[Start of Attachment]
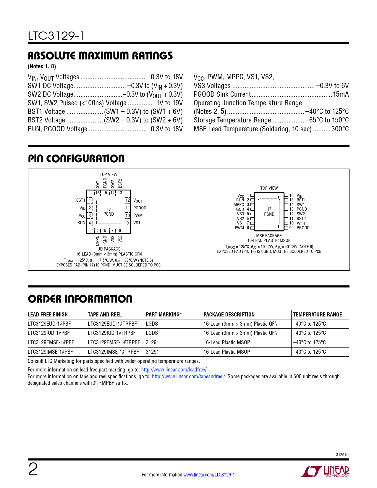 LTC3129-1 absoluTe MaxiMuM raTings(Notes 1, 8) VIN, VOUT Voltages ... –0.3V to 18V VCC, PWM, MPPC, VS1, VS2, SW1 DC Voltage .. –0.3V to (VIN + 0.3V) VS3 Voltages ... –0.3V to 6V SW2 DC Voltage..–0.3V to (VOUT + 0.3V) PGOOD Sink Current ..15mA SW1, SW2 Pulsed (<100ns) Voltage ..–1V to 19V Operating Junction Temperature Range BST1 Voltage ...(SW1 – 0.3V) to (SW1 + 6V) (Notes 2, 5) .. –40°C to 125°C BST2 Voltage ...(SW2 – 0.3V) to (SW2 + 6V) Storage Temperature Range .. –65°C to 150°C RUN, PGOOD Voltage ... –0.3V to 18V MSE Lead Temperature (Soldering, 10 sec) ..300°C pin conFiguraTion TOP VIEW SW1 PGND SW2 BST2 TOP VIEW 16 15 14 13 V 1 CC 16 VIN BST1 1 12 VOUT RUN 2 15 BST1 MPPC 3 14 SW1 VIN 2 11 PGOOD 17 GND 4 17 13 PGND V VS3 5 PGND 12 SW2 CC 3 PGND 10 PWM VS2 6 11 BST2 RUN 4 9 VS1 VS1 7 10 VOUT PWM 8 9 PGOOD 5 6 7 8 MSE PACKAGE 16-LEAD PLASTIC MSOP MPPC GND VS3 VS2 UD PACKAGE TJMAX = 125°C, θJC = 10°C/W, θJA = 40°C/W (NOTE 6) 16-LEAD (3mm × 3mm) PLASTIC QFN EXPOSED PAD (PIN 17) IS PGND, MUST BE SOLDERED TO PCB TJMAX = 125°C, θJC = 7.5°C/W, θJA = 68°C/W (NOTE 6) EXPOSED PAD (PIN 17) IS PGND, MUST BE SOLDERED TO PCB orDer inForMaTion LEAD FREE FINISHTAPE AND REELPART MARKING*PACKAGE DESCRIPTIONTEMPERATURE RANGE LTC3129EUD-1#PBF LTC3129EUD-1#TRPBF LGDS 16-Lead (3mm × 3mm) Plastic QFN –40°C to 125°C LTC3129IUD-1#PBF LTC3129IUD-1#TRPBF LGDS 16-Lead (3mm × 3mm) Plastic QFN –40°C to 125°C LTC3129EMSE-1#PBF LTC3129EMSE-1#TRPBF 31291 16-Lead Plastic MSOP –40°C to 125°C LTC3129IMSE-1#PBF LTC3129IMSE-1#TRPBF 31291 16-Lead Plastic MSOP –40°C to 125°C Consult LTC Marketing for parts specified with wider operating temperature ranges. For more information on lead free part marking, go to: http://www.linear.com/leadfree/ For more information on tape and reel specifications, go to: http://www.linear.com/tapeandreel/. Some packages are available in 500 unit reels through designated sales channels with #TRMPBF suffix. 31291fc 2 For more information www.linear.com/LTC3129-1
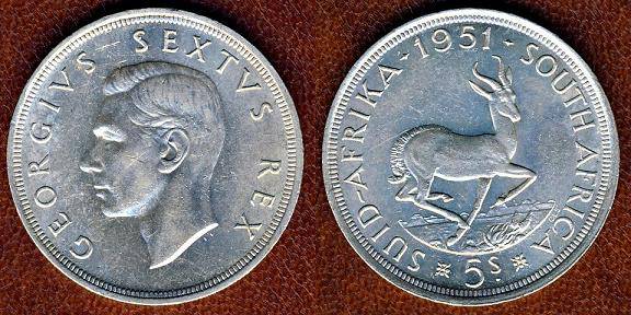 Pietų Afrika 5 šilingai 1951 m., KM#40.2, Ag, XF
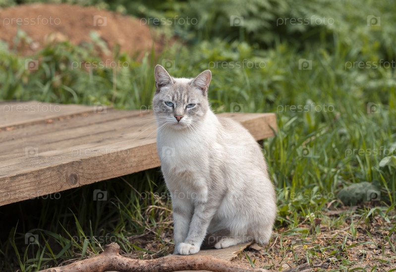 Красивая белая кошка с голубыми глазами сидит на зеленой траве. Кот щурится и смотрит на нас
[End of Attachment]
_Exercise details_. Would you set down each line of the data exactly, with no images included?

_Answer box_.
 LTC3129-1 absoluTe MaxiMuM raTings(Notes 1, 8) VIN, VOUT Voltages ... –0.3V to 18V VCC, PWM, MPPC, VS1, VS2, SW1 DC Voltage .. –0.3V to (VIN + 0.3V) VS3 Voltages ... –0.3V to 6V SW2 DC Voltage..–0.3V to (VOUT + 0.3V) PGOOD Sink Current ..15mA SW1, SW2 Pulsed (<100ns) Voltage ..–1V to 19V Operating Junction Temperature Range BST1 Voltage ...(SW1 – 0.3V) to (SW1 + 6V) (Notes 2, 5) .. –40°C to 125°C BST2 Voltage ...(SW2 – 0.3V) to (SW2 + 6V) Storage Temperature Range .. –65°C to 150°C RUN, PGOOD Voltage ... –0.3V to 18V MSE Lead Temperature (Soldering, 10 sec) ..300°C pin conFiguraTion TOP VIEW SW1 PGND SW2 BST2 TOP VIEW 16 15 14 13 V 1 CC 16 VIN BST1 1 12 VOUT RUN 2 15 BST1 MPPC 3 14 SW1 VIN 2 11 PGOOD 17 GND 4 17 13 PGND V VS3 5 PGND 12 SW2 CC 3 PGND 10 PWM VS2 6 11 BST2 RUN 4 9 VS1 VS1 7 10 VOUT PWM 8 9 PGOOD 5 6 7 8 MSE PACKAGE 16-LEAD PLASTIC MSOP MPPC GND VS3 VS2 UD PACKAGE TJMAX = 125°C, θJC = 10°C/W, θJA = 40°C/W (NOTE 6) 16-LEAD (3mm × 3mm) PLASTIC QFN EXPOSED PAD (PIN 17) IS PGND, MUST BE SOLDERED TO PCB TJMAX = 125°C, θJC = 7.5°C/W, θJA = 68°C/W (NOTE 6) EXPOSED PAD (PIN 17) IS PGND, MUST BE SOLDERED TO PCB orDer inForMaTion LEAD FREE FINISHTAPE AND REELPART MARKING*PACKAGE DESCRIPTIONTEMPERATURE RANGE LTC3129EUD-1#PBF LTC3129EUD-1#TRPBF LGDS 16-Lead (3mm × 3mm) Plastic QFN –40°C to 125°C LTC3129IUD-1#PBF LTC3129IUD-1#TRPBF LGDS 16-Lead (3mm × 3mm) Plastic QFN –40°C to 125°C LTC3129EMSE-1#PBF LTC3129EMSE-1#TRPBF 31291 16-Lead Plastic MSOP –40°C to 125°C LTC3129IMSE-1#PBF LTC3129IMSE-1#TRPBF 31291 16-Lead Plastic MSOP –40°C to 125°C Consult LTC Marketing for parts specified with wider operating temperature ranges. For more information on lead free part marking, go to: http://www.linear.com/leadfree/ For more information on tape and reel specifications, go to: http://www.linear.com/tapeandreel/. Some packages are available in 500 unit reels through designated sales channels with #TRMPBF suffix. 31291fc 2 For more information www.linear.com/LTC3129-1
 Pietų Afrika 5 šilingai 1951 m., KM#40.2, Ag, XF
 Красивая белая кошка с голубыми глазами сидит на зеленой траве. Кот щурится и смотрит на нас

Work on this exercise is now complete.